TASK TO CARRY OUT:
Although the listing contains pictures, reproduce only its text, exactly as written.

COLLECTED MATERIAL:
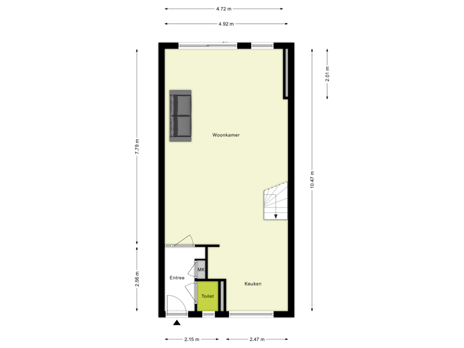 - 56 m² (10.75 metre deep and 5.25 metre wide)
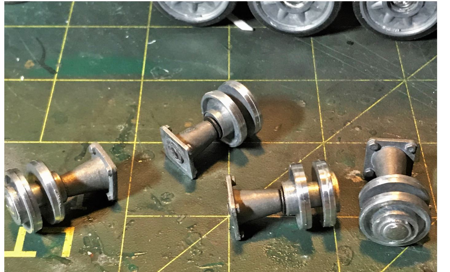 These are the parts assembled for the return rollers. There are Mato late Panzer IV all metal rollers and Asiatam metal mounts, nuts and bolts.
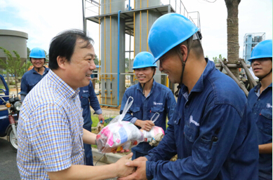 7月23日,集團黨委副書記高小林到公司中試現場及泥處理車間慰問一線職工,送上毛巾、消暑飲料等防暑用品。

TASK RESULT:
 - 56 m² (10.75 metre deep and 5.25 metre wide)
 These are the parts assembled for the return rollers. There are Mato late Panzer IV all metal rollers and Asiatam metal mounts, nuts and bolts.
 7月23日,集團黨委副書記高小林到公司中試現場及泥處理車間慰問一線職工,送上毛巾、消暑飲料等防暑用品。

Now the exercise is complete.